PI measurements were done on all women attending the unit for an IVF/embryo transfer treatment between November 1992 and February 1993. Of these, all infertile but otherwise healthy women, with a mean PI ≥3.0 in the uterine arteries both before and after down-regulation, were invited to be included in the study.

In all, 10 women accepted after informed consent and they had a mean age of 32.3 years (range 25-40 years). The infertility diagnoses were unexplained infertility (n = 6), tubal factor (n = 3) and polycystic ovarian syndrome (n = 1).

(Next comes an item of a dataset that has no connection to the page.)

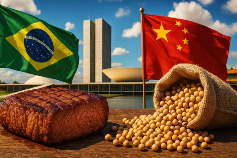 Em meio ao tarifaço de 50% imposto pelos Estados Unidos sobre produtos brasileiros, Brasil e China trabalham na criação de um protocolo bilateral para certificação e rastreabilidade de produtos agropecuários, com foco central na exportação de carne e soja para o país asiático.

From their inclusion and onwards, the women were kept on the GnRHa and were given no other pharmacological treatment. Consequently, their gonadotrophins and ovarian steroids were kept at a constantly low concentration, both at their inclusion in the study and throughout the whole study period. Thus, PI changes due to hormonal fluctuations were avoided.

EA was then given eight times, twice a week for 4 weeks. The mean PI of the uterine arteries was measured (mean of three PI on each side) directly after the eighth EA treatment and again 10-14 days after the EA period.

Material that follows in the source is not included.